The clue is in the title – it’s a fairy tale. It’s also an allusion to Sergio Leone’s Once Upon a Time in the West and, at times, Tarantino exhibits some of the mastery of his hero as he continually riffs off the horse opera. This is a parallel version of Hollywood in 1969, when Burt Reynolds couldn’t break into the big time and Clint Eastwood had made his name on the back of the spaghetti Western. Tarantino himself was named after Quint Asper, the ‘half-breed’ blacksmith Burt Reynolds played in TV’s Gunsmoke, and the film’s protagonist Rick Dalton is partly based on the actor at that time. The year also witnessed one of the most horrific events in the history of Tinseltown, in which the beautiful actress Sharon Tate – the pregnant young wife of Roman Polanski – was a part of.

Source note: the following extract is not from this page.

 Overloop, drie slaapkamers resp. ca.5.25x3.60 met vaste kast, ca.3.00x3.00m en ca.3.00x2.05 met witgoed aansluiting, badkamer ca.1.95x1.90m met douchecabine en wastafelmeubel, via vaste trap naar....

The film itself is a rambling head-trip down memory lane, in which the real and the fictitious rub shoulders in a series of loosely connected vignettes. It’s at once audacious, inventive and self-congratulatory and can only delight those as obsessed by the minutia of the industry as Tarantino obviously is. One can almost picture the director behind the camera rubbing his hands together with glee, and while some scenes work well, others are begging for a sharp pair of scissors. The film runs to two hours, 41 minutes.

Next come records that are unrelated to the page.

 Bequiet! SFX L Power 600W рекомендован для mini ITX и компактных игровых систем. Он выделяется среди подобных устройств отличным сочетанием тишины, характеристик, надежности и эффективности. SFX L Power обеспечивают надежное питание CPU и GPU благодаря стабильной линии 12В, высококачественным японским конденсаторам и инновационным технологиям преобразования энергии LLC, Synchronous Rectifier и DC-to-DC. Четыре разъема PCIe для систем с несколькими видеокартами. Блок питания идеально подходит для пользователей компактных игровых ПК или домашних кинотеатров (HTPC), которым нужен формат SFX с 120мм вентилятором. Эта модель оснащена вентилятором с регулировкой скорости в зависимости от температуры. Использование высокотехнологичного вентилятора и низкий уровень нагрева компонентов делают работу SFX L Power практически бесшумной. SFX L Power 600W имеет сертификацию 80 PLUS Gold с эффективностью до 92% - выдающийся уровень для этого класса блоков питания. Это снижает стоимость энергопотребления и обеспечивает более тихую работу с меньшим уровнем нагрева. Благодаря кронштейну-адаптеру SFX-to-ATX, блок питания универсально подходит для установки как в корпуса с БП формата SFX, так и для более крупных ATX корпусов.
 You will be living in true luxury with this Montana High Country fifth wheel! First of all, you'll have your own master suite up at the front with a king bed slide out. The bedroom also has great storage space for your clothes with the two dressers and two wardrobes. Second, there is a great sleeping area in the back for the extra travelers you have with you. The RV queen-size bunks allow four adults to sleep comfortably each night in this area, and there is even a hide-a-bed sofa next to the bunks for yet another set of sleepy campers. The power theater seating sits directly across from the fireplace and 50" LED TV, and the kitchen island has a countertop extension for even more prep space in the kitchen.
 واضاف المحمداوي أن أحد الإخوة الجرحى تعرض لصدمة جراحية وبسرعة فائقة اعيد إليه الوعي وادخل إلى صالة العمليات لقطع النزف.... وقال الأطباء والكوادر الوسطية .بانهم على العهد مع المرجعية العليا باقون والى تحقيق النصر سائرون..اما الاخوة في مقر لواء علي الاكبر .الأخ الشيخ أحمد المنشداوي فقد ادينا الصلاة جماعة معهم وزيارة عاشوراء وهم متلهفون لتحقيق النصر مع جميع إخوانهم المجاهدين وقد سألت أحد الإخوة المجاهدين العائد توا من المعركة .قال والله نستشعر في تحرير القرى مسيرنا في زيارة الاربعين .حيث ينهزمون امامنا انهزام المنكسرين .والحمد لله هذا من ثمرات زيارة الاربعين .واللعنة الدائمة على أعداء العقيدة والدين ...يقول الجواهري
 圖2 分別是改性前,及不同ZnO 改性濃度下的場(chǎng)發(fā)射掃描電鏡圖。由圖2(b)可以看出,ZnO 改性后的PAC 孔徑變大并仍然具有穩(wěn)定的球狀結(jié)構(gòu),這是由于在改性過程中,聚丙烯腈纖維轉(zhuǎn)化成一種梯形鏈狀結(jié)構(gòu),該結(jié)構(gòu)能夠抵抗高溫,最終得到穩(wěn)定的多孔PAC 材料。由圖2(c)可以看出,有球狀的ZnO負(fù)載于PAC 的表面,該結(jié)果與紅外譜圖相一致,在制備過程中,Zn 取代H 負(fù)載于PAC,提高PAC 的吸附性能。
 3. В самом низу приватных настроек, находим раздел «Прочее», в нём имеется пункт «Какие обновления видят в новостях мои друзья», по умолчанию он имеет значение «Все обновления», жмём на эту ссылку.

Actors of varying pedigree pop up in cameos to alleviate the duller moments, a Bombay mix of talents running the gamut from Dakota Fanning and Michael Madsen to Al Pacino and Damian Lewis as Steve McQueen (who, from the nose up, is an uncanny facsimile). Essentially, though, the film is a double-act featuring Leonardo DiCaprio as waning cowboy star Rick Dalton and Brad Pitt as his stunt double-cum-gofer Cliff Booth, the embodiment of Marlboro Man cool. Both DiCaprio – whose first movie this is since winning the Oscar for The Revenant – and Pitt seem to be enjoying themselves enormously, creating a frisson that for a lot of the time rubs off on the viewer. But there’s still a limit to how often we can watch Brad Pitt wandering around Los Angeles without a shifting of the buttocks.

As Sharon Tate, the accomplished Margot Robbie is given little to sink her canines into, other than to look pretty, spin her mini skirt and appear sweetly self-effacing. Her longest scene sees her talk the staff of a Westwood cinema into letting her watch herself – for free – in The Wrecking Crew, with Dean Martin, in which she ogles her own sequences with a simpering self-satisfaction. But if it’s a one-dimensional performance, it’s because Tarantino hasn’t given Robbie anything better to do.

Other well-known faces seem to be represented by a procession of mannequins one might find at a backwater waxworks. There is one exceptional sequence, though, featuring Mike Moh as a vainglorious Bruce Lee who meets his match when he comes up against Cliff Booth. But the true shining star of the movie is the nine-year-old Julia Butters as a precocious Method child actress who makes Rick look like the second-rate ham that he is.

Ultimately, the film is one big in-joke for cineastes of a comparable vintage to its director, meaning that large swathes of the movie will be lost on the cinema-going public. The 18 certificate should also be noted, as Tarantino remains the auteur of the big-budget shock treatment. Still, there’s plenty to chew over with a crooked grin.

JAMES CAMERON-WILSON

Cast
: Leonardo DiCaprio, Brad Pitt, Margot Robbie, Emile Hirsch, Margaret Qualley, Timothy Olyphant, Julia Butters, Austin Butler, Dakota Fanning, Bruce Dern, Mike Moh, Luke Perry, Damian Lewis, Al Pacino, Brenda Vaccaro, Nicholas Hammond, Rafał Zawierucha, Lorenza Izzo, Damon Herriman, Lena Dunham, Madisen Beaty, Mikey Madison, Victoria Pedretti, Danielle Harris, Scoot McNairy, Clifton Collins Jr, Dreama Walker, Rumer Willis, Spencer Garrett, Clu Gulager, Martin Kove, Rebecca Gayheart, Kurt Russell, Zoë Bell, Michael Madsen, James Remar, Kate Berlant.

Dir Quentin Tarantino, Pro David Heyman, Shannon McIntosh and Quentin Tarantino, Screenplay Quentin Tarantino, Ph Robert Richardson, Pro Des Barbara Ling, Ed Fred Raskin, Costumes Arianne Phillips.

Columbia Pictures/Bona Film Group/Heyday Films/Visiona Romantica-Sony Pictures.
161 mins. USA/UK/China. 2019. Rel: 14 August 2019. Cert. 18.